§ **Task goal**
Starting at the line that contains "Joli ensemble barboteuse", write out every line to the end of the records below exactly, and leave out the pictures.

▶

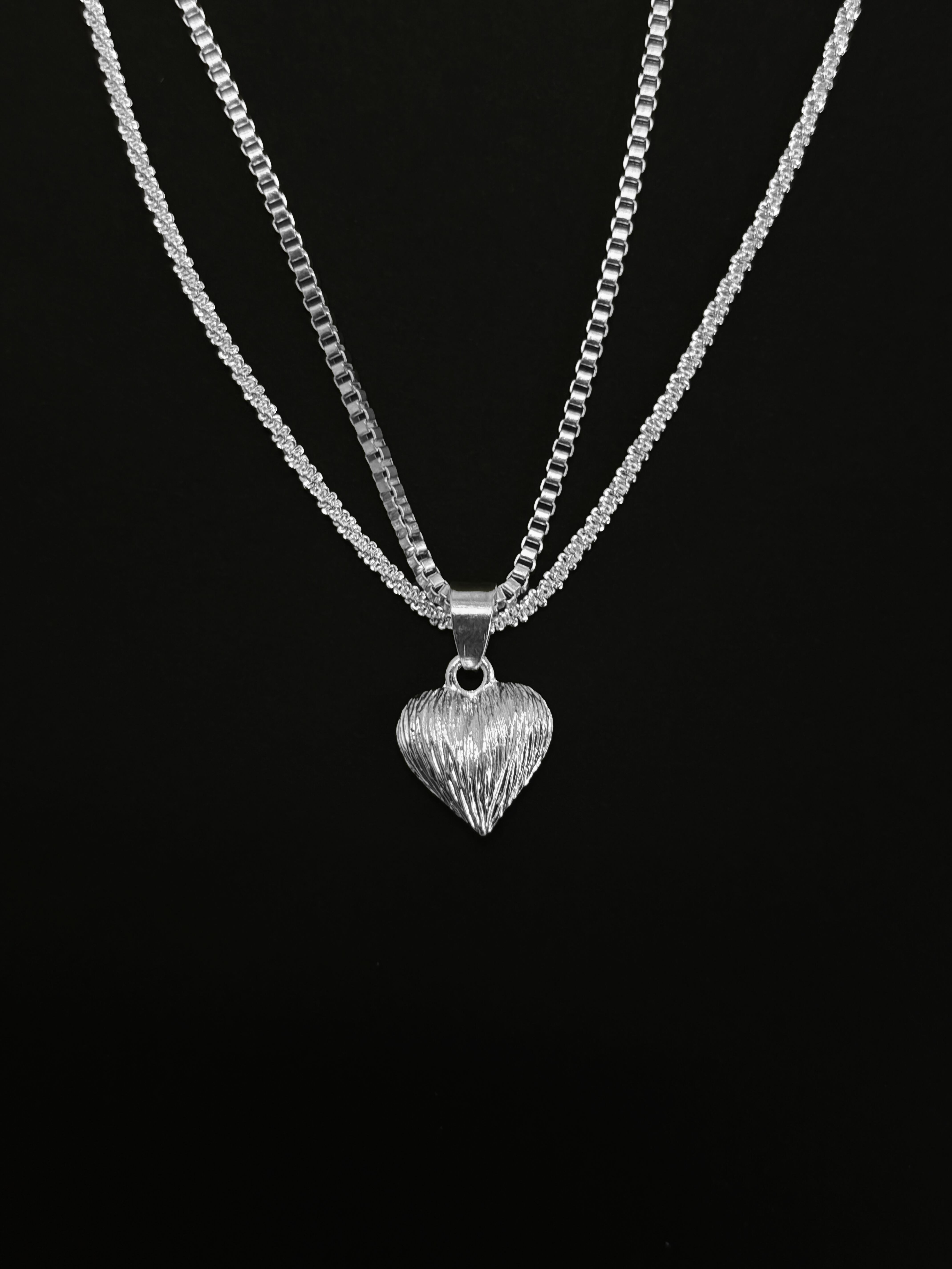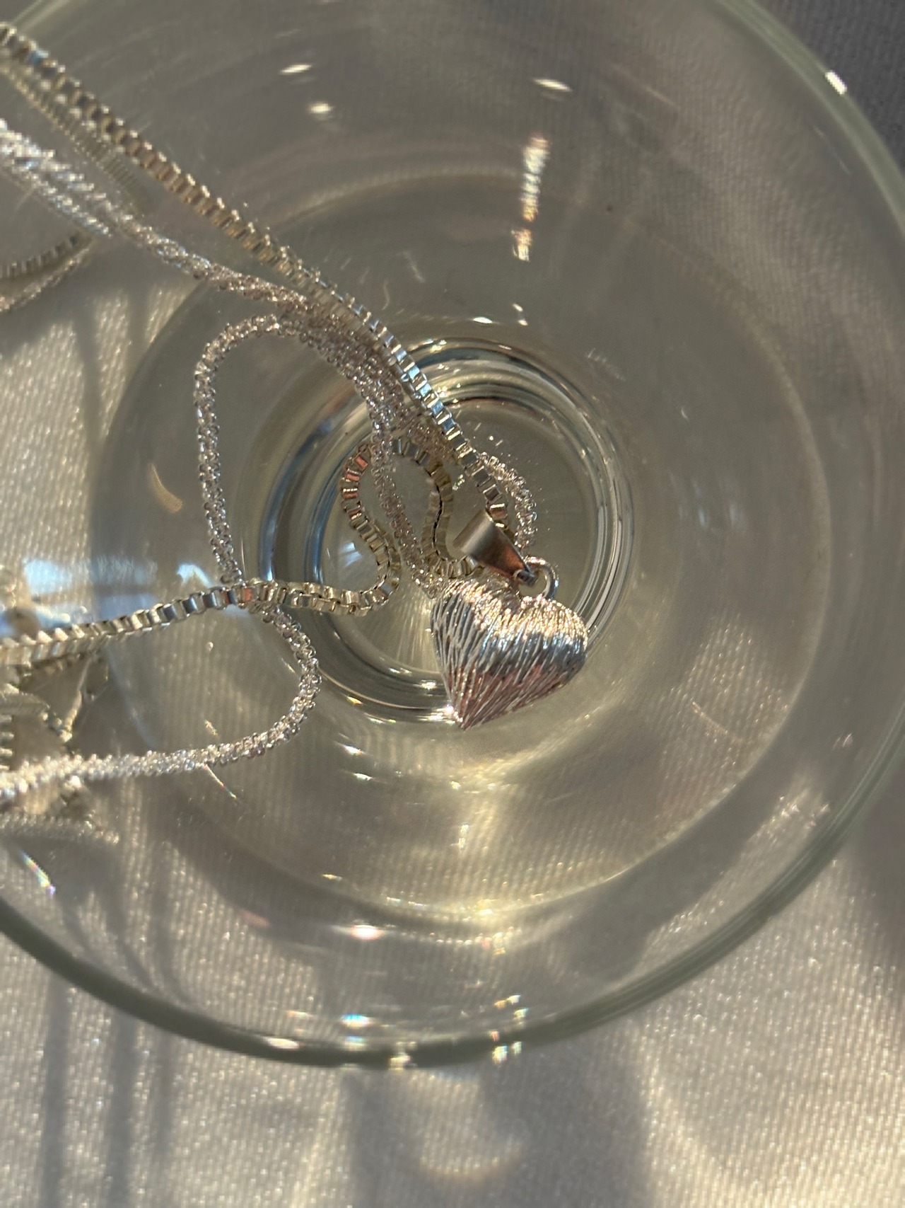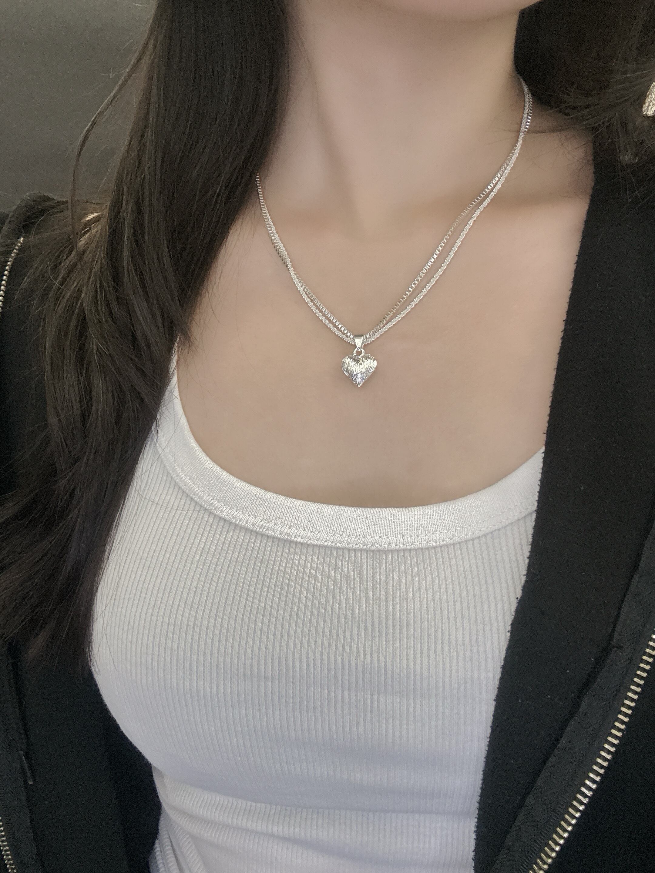 小さなハートチャームが胸元で静かにきらめく、繊細なデザインのネックレス。
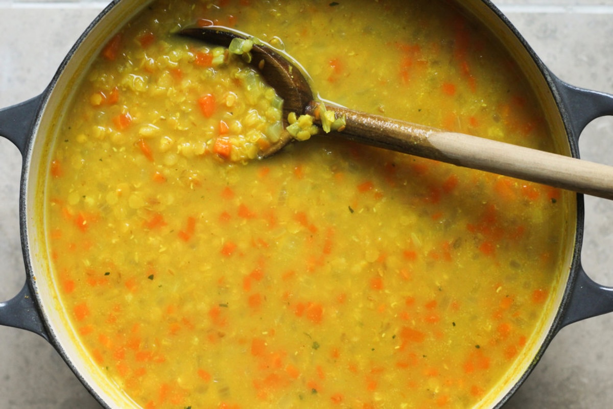 Lentils, chickpeas, cilantro, noodles, tomato sauce.
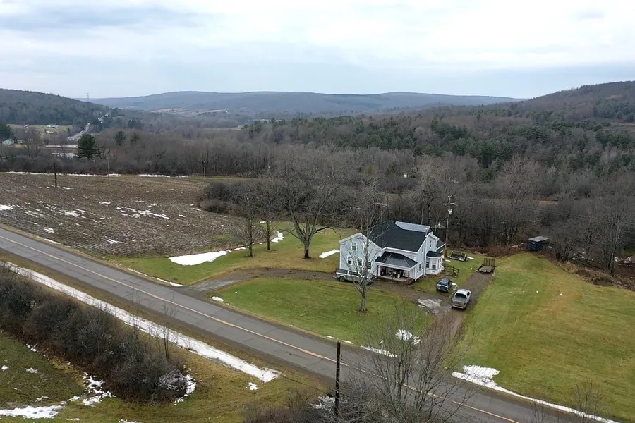 The house has a total of 2,689 sq. ft., and is split with one side finished which includes 3 bedrooms, 1 full bathroom, and a large living room area that leads into a dining room and spacious kitchen. The other side of the house is ready for you to finish to your liking and includes 2 bedrooms, 1 full bathroom, and a living room-kitchen combo. The house can be easily turned back into a single family residence. The property has propane boiler for hot water heating, a newer septic installed in 2018 with a 1,500 gallon tank, and a 200 amp electric service. Fiber optic internet is available.
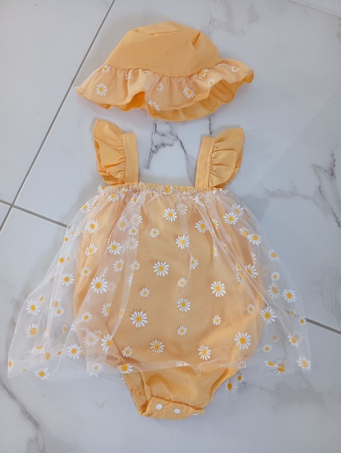 Joli ensemble barboteuse voile à paquerette et son chapeau. 9-12 mois. Porté deux fois. Neuf. Je vends également trois autres ensemble été 9-12 mois dans mon dressing.
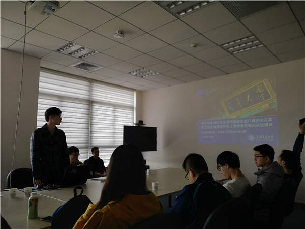 与会同学就学习主题开展了交流讨论。汽车发动机所研究生党支部李黄河作为新生党员做学习分享。李黄河基于改革开放四十年中国入世十七年这个宏观背景下展开阐述,详细介绍了2018年中国改革发展史上的两件大事,分别是坚持两个毫不动摇以及习近平总书记在首届国际进口博览会开幕式上的主题演讲,支持长江三角洲区域一体化发展并上升为国家战略。他深入介绍进博会的背景,阐述进博会的成功举办对国内以及国际所产生的深远影响。
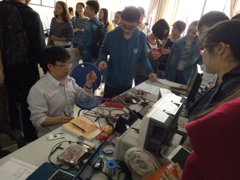 科技部于2016年4月7日星期四下午13点30分,在物电学院实验楼311室举办了电子科技大赛。罗海军老师、何传红老师及助评温开旭学长到现场评分并指导。

◀

§ **Result below**
 Joli ensemble barboteuse voile à paquerette et son chapeau. 9-12 mois. Porté deux fois. Neuf. Je vends également trois autres ensemble été 9-12 mois dans mon dressing.
 与会同学就学习主题开展了交流讨论。汽车发动机所研究生党支部李黄河作为新生党员做学习分享。李黄河基于改革开放四十年中国入世十七年这个宏观背景下展开阐述,详细介绍了2018年中国改革发展史上的两件大事,分别是坚持两个毫不动摇以及习近平总书记在首届国际进口博览会开幕式上的主题演讲,支持长江三角洲区域一体化发展并上升为国家战略。他深入介绍进博会的背景,阐述进博会的成功举办对国内以及国际所产生的深远影响。
 科技部于2016年4月7日星期四下午13点30分,在物电学院实验楼311室举办了电子科技大赛。罗海军老师、何传红老师及助评温开旭学长到现场评分并指导。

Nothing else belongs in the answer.